Slow inference: DDIM requires 30–50 denoising steps, making it unsuitable for interactive applications.
Insufficient decomposition: Noise-prediction-based training objectives cannot directly supervise final material outputs, hindering the application of advanced techniques such as perceptual loss and re-render loss.
Method¶
Overall Architecture¶
SuperMat is built upon fine-tuned Stable Diffusion and incorporates three core designs:
1. Structured Expert Branches¶
The last UpBlock of the UNet is duplicated into two expert branches: - Albedo Branch: dedicated to predicting the diffuse albedo map. - RM Branch: dedicated to predicting the joint roughness-metallic map.
Shared modules extract general features, while expert branches capture material-specific representations. The added parameters account for only 2.23% of total UNet parameters (19.3M), enabling multi-material output from a single model.
2. Single-Step Inference and End-to-End Training¶
Scheduler correction: The default leading timestep setting in DDIM is found to be flawed — during single-step prediction, the timestep presented to the model (\(t=1\), implying nearly noise-free input) is inconsistent with the actual input (pure noise).
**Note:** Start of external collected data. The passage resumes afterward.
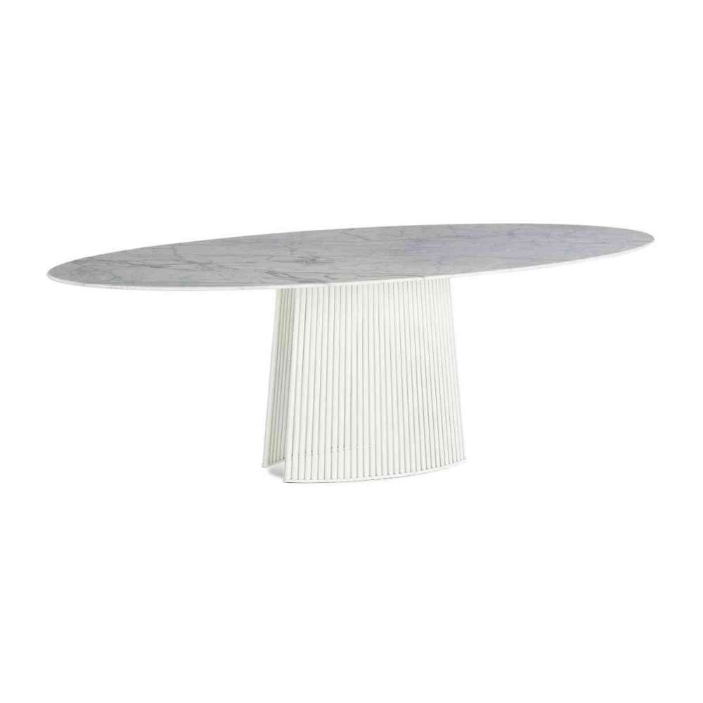 Centralna stopa zastępuje środek nosidełka, który tworzą ustawione obok siebie metalowe profile. Eliptyczny kształt utworzony przez powtarzające się metalowe rurki ułożone obok siebie odsłania oryginalny projekt stołu Seri. Kolejne metalowe rurki, które mają formę powtarzającego się eliptycznego owalnego kształtu blatu.
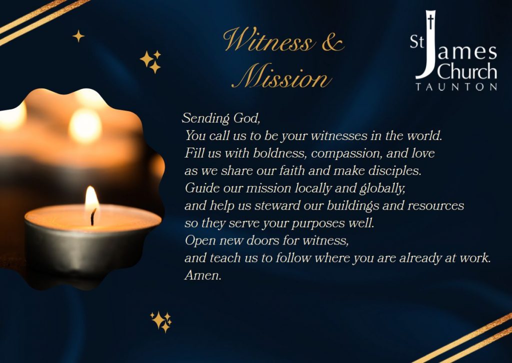 Our “Prayer Chain” is a group of people who will pray regularly for you or for someone known to you. All you need to do is to email as much (or as little) information that you consider appropriate to the coordinator at , you can pass their name and what is the prayer need to prayer@stjamestaunton.co.uk. They will then email the chain members with suitably-worded details, and keep in touch with you periodically for updates.
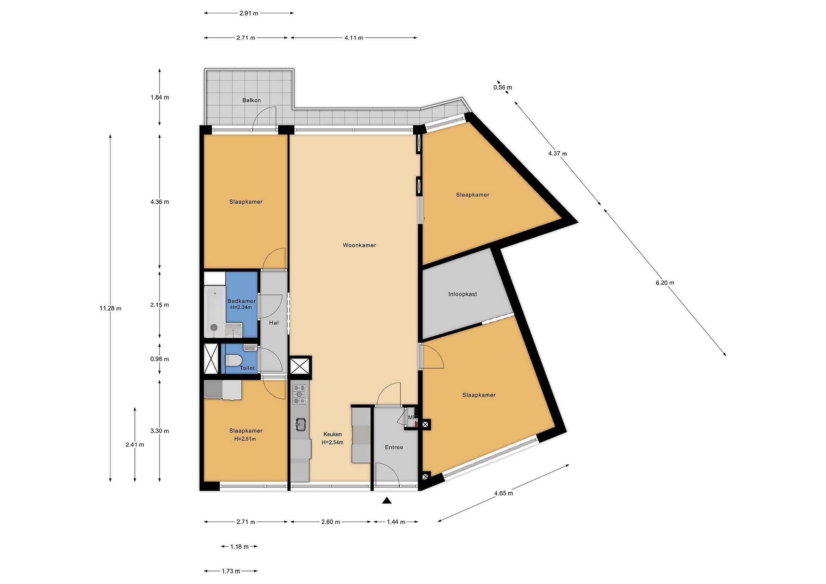 Voor alle woningen geldt dat de in tekst vermelde afmetingen een indicatie zijn en daar kunnen geen rechten aan worden ontleend. De werkelijke oppervlakte kan afwijken van hetgeen in detail op de website is vermeld. De woning is ingemeten volgens de meetinstructie welke verplicht is voor makelaars en taxateurs. Ondanks de zorg die door de makelaar aan de correcte invoer van de gegevens besteed wordt, kan de makelaar niet verantwoordelijk gehouden en/of aansprakelijk gesteld worden voor eventuele fouten, omissies en/of onvolkomenheden in de gegevens.
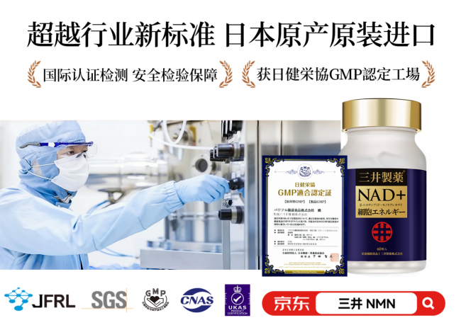当然,作为入口的东西,安全性永远是一票否决权。日本作为全球首个合法售卖NMN的国家,其监管体系之严苛众所周知。三井制药株式会社严格遵循日本医药级“零污染”生产标准,手握CNAS、SGS、JFRL、GMP等全球四大严苛认证。
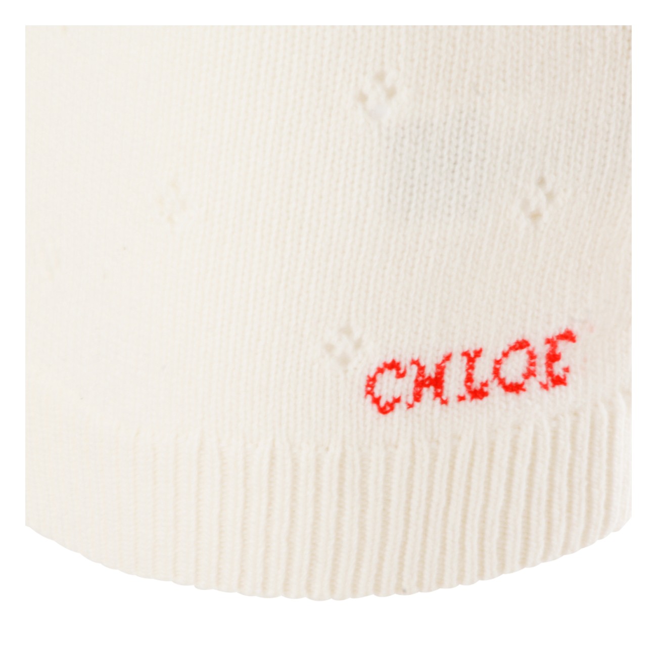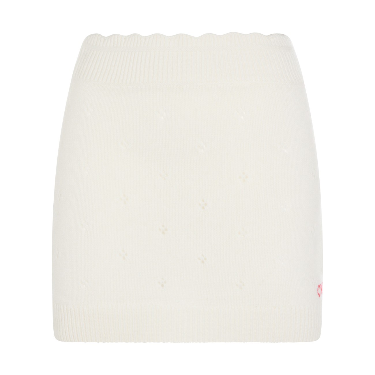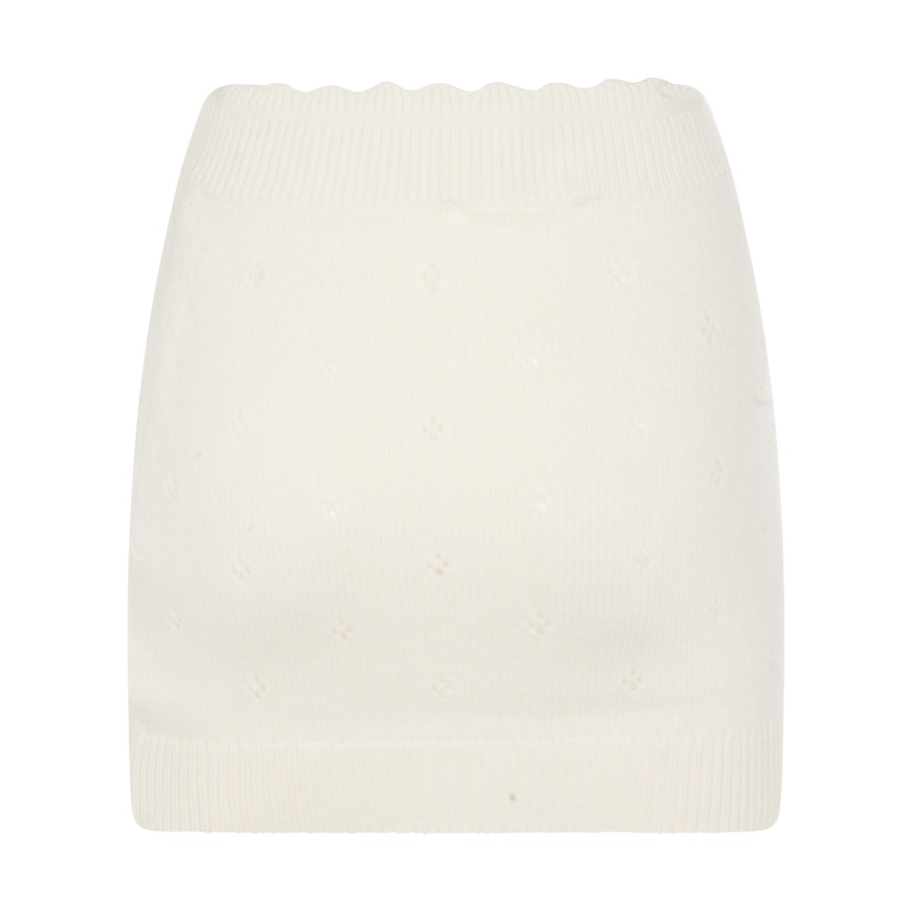White wool skirt from Chlofeaturing elasticated waistband, embroidered logo and mini lenght.
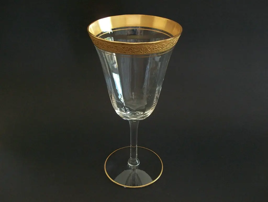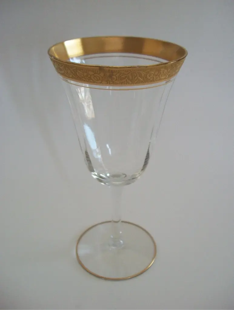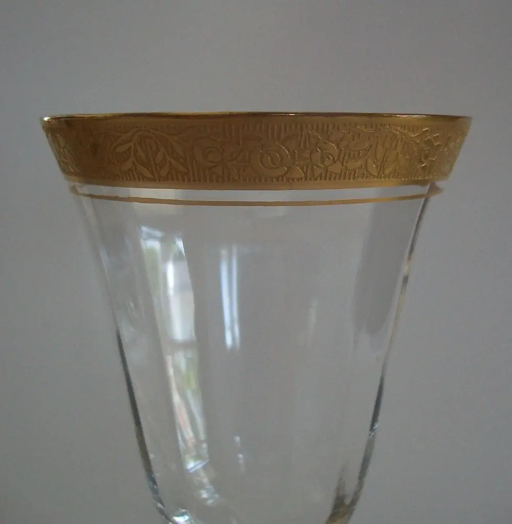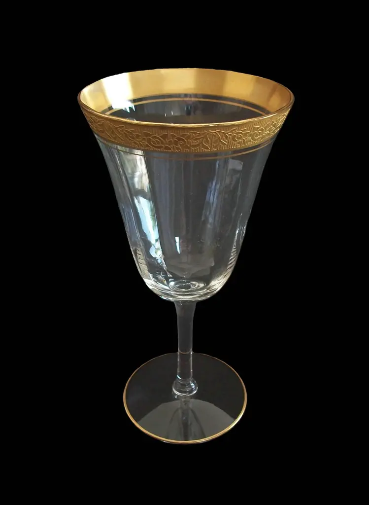 TIFFIN GLASS (Manufacturer) - Rambler Rose Clear (Pattern Name) - Hollywood Regency fine quality needle etched crystal wine/water glass - featuring a floral etched pattern to the 24K gold rim and fine line trim - plain paneled sides - plain base with gold rim detail - unsigned - United States - circa 1950's.Excellent vintage condition - minor gold loss/thinning and scratches - no cracks - no chips - no damage - no restoration - minor signs of age and use.Size/Dimensions - Large - 3 3/8" Diameter x 7" High.Note - Total number on offer is six.

Correcting this to a trailing setting (\(t=T\)) enables genuine single-step inference.
End-to-end training: Single-step inference makes backpropagation tractable, allowing losses to be computed directly on the final predicted materials:
where \(\mathcal{L}_p\) denotes a VGG-16-based perceptual loss.
3. Re-render Loss¶
The predicted materials are used to render images under novel lighting conditions, which are then compared against ground-truth renderings:
This enforces physical consistency across different material attributes — even when individual material maps appear close to the ground truth, the composite rendering result may still be incorrect without such a constraint.
Multi-view Extension (SuperMatMV)¶
Built upon the MVDream architecture, 3D self-attention and camera extrinsic conditioning are incorporated to enable simultaneous decomposition across 6 views, ensuring cross-view consistency.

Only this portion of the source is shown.